Re: [HACKERS] Fwd: Joins and links

Hannu Krosing <hannu@trust.ee> — 1999-07-09T13:55:02Z
Leon wrote:
> 
> Hannu Krosing wrote:
> 
> > The difference will quickly degrade as more rows are fetched in one
> > query and cache misses and disk head movement start rattling your
> > disks. The analogy being a man who needs 10 different items from a
> > supermarket and takes 10 full round trips from home to buy them.
> 
> Frankly, I didn't even consider fetching database from disk. This
> slows queries immensely and I wonder if there exist someone who
> doesn't keep their entire DB in RAM.

Well, I personally dont even know, how I could keep my entire PostgreSQL 
DB in RAM :)

It would be interesting to know what percentage of people do use 
PostgreSQL for databases that are small enough to fit in RAM - 
surely not the ones who need splitting of tables >2GB.

And I think that setting up PostgreSQL for maximum RAM usage would 
make a nice topic for "Optimizing PostgreSQL". 

When my backends are mostly idle they usually use about 3-4MB of memory, 
(hardly enough for any database :).

It is quite possible that some bigger tables end up in a disk-cache, 
but you can expect to find all your data in that cache only if you do 
many queries on the same tables in a row, and the machine is otherways 
idle.

> I think the gain will raise with the number of tables, because
> the more tables - the more index lookups are saved.

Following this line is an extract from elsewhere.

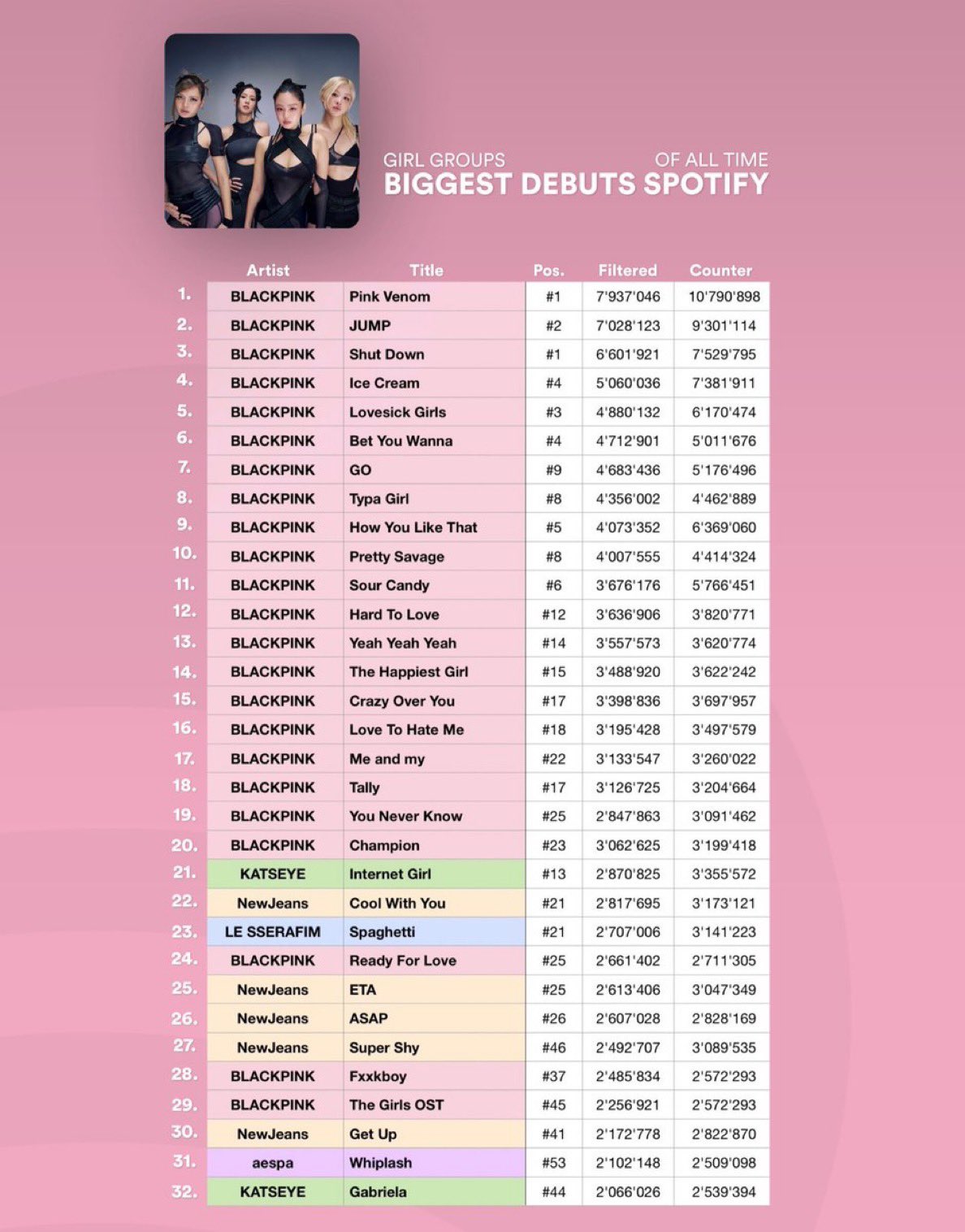 เพลงของ BLACKPINK ครองทั้ง 20 อันดับแรกของเพลงเกิร์ลกรุ๊ปที่มียอดสตรีมเดบิวต์สูงที่สุดตลอดกาลบน Spotify

My point is that sometimes even sequential scan is faster than index
lookup,
and not only due to overhead of using the index, but due to better disk 
performance of sequential reads vs. random reads

For in-memory databases this of course does not count.

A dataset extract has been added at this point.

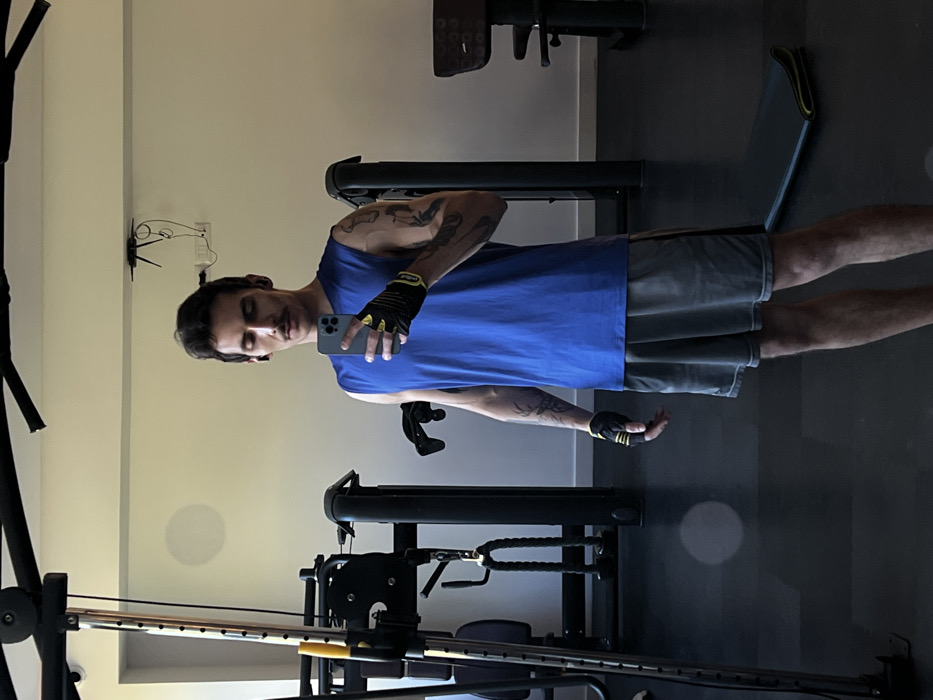 An indoor gym in Boreti, Montenegro, is depicted. A male adult, wearing a blue sleeveless shirt, grey athletic shorts with a black stripe, black and yellow fingerless fitness gloves, and black earbuds, stands centered, taking a mirror selfie with a grey smartphone held at chest height. He has a mustache and visible tattoos on both forearms. The gym features a dark, reflective floor and light-colored walls. Exercise equipment includes a multi-station cable machine on the left with a yellow handle, and other machinery with dark upholstery visible to the right. A rolled-up black mat rests on the floor in the lower right, and a small black tripod with associated wires is mounted on the upper right wall.

Still I'm quite sure that the main effort in PostgreSQL development has
so 
far gone to optimising queries where most of the data is fetched from
the 
disk.

> > Fixing the optimizer would get a performance gain on a far wider
> > range of tasks, and is still needed for links.
> 
> But general fixing of optimizer is total rewritement of it, whereas
> link fix is almost a fast hack.

I'm not too sure about it. It certainly can be done without a _total_ 
rewrite, but getting all the new node types and access methods into the 
parser/planner/executor may not be trivial. 

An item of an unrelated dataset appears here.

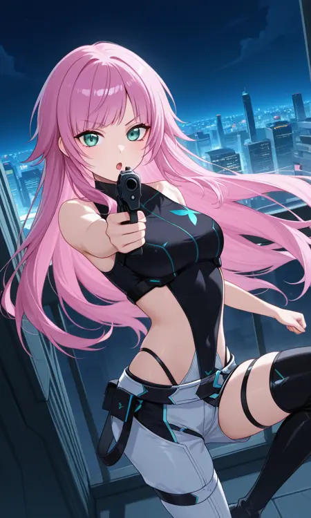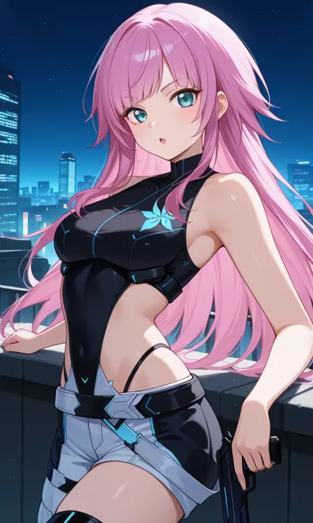 riri cyber off, very long hair, black leotard, sleeveless, highleg, (single pantsleg), white pants, black thigh bootsネガティブ:

One idea would be a cross-table OID index for anything in memory.
Then, assuming that everything is in-memory, using oids as links would
be 
only trivially, if at all, slower (2-10 memory accesses and comparisons) 
than "straight" link lookup, that could also be chasing linear chains of 
forward-id-links on frequently updated DBs. On infrequently updated DBs 
you could just use triggers and/or cron jobs to keep your reports
updated,
I quess that this is what most commercial OLAP systems do.

Actually I lived my first halfyear of using PostgreSQL under a delusion 
that lookup by OID would be somewhat special (fast). 
Probably due to my misunderstanding of the (ever diminishing) O in
ORDBMS :) 
There have been some attempts to get the object-orientedness better 
supported by PGSQL, (possibly even some contrib funtions), but nobody
seems 
to have needed it bad enough to
1) implement it
 and 
2) shout long enough to get it included in standart distibution. 
Most (all?) of the developers seem to be die-hard RDBMS guys and thanks 
to that we have now a solid and reasonably fast Relational DBMS with 
some OO rudiments

So I quess that unless you do (at least part of) links, no-one else will
;(

> Unfortunately I already have a project to work on. There is too
> little of me for two projects.

Darn! I almost hoped we would get one more PostgreSQL hacker as I'm sure 
that after familiarising oneself with the code enougth to implement
links 
one would be quite capable of helping with most of PostgreSQL
development
<grin>

----------------------
Hannu